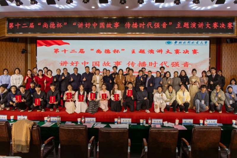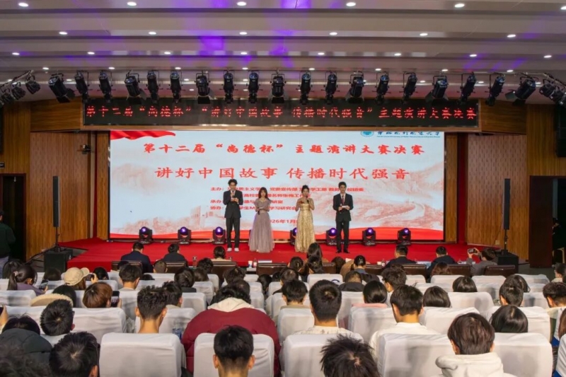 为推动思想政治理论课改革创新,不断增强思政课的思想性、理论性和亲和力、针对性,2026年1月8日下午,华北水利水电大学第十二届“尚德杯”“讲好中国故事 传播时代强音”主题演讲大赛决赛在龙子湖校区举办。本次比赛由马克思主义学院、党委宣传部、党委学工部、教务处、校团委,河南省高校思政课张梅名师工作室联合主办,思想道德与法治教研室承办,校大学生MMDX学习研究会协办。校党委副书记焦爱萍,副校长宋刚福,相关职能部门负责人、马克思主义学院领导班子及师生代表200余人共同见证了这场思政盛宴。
====
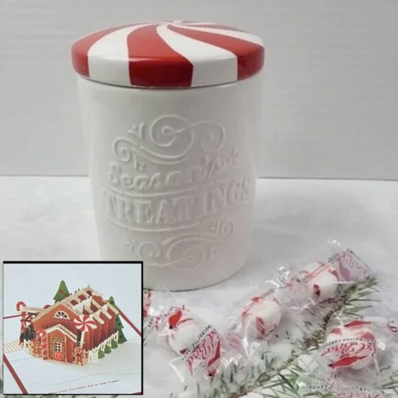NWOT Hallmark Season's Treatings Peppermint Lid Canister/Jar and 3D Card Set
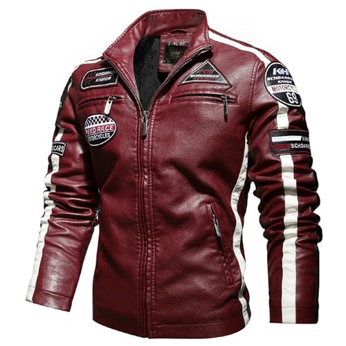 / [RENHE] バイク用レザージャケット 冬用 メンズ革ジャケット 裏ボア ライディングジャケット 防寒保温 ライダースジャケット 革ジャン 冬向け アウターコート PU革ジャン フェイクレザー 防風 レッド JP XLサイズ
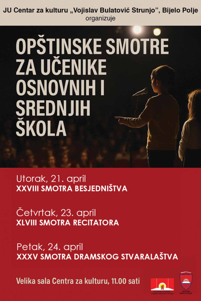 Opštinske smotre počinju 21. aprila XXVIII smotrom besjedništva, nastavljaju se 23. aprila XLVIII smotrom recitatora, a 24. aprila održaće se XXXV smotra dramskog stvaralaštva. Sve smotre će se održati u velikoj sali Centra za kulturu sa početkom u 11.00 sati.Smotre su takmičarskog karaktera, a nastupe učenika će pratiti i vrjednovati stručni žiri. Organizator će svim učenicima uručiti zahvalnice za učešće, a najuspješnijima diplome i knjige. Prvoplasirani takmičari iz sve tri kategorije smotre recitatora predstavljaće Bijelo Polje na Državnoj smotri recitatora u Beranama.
====
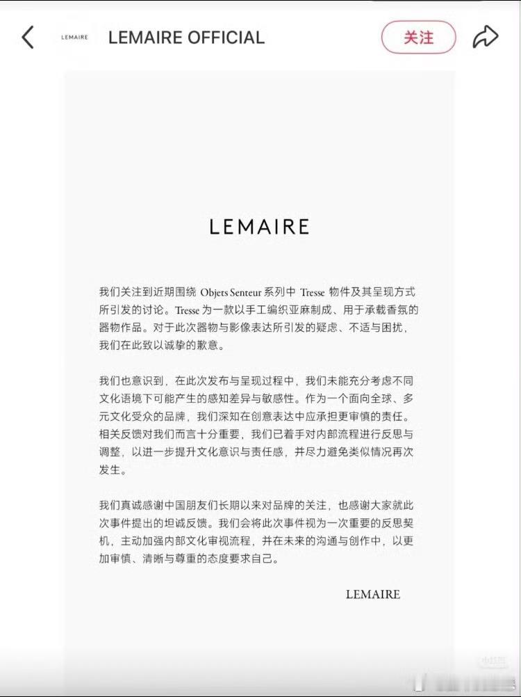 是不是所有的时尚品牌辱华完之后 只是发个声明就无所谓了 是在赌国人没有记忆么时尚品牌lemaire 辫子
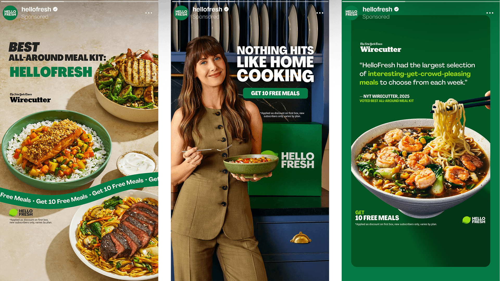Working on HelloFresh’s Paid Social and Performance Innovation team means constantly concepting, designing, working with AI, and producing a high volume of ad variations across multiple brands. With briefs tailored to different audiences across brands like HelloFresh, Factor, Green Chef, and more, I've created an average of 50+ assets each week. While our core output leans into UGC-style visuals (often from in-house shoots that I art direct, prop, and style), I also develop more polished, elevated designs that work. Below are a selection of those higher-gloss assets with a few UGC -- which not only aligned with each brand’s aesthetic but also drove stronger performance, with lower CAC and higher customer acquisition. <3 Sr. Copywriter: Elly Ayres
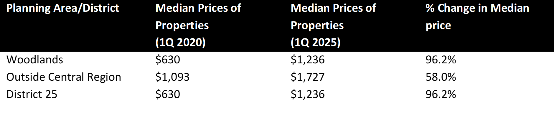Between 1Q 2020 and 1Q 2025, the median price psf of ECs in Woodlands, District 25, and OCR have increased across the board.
====
*EXERCISE REQUIREMENTS*.
Pictures excluded, reproduce only the part above that opens with the line holding "是不是所有的时尚品牌辱华完之后 只是发个声明就无所谓了 是在赌国人没有记忆么时尚品牌lemaire" and closes with the line holding "Between 1Q 2020", exactly as written.

*COMPLETED TASK*.
 是不是所有的时尚品牌辱华完之后 只是发个声明就无所谓了 是在赌国人没有记忆么时尚品牌lemaire 辫子
Working on HelloFresh’s Paid Social and Performance Innovation team means constantly concepting, designing, working with AI, and producing a high volume of ad variations across multiple brands. With briefs tailored to different audiences across brands like HelloFresh, Factor, Green Chef, and more, I've created an average of 50+ assets each week. While our core output leans into UGC-style visuals (often from in-house shoots that I art direct, prop, and style), I also develop more polished, elevated designs that work. Below are a selection of those higher-gloss assets with a few UGC -- which not only aligned with each brand’s aesthetic but also drove stronger performance, with lower CAC and higher customer acquisition. <3 Sr. Copywriter: Elly Ayres
Between 1Q 2020 and 1Q 2025, the median price psf of ECs in Woodlands, District 25, and OCR have increased across the board.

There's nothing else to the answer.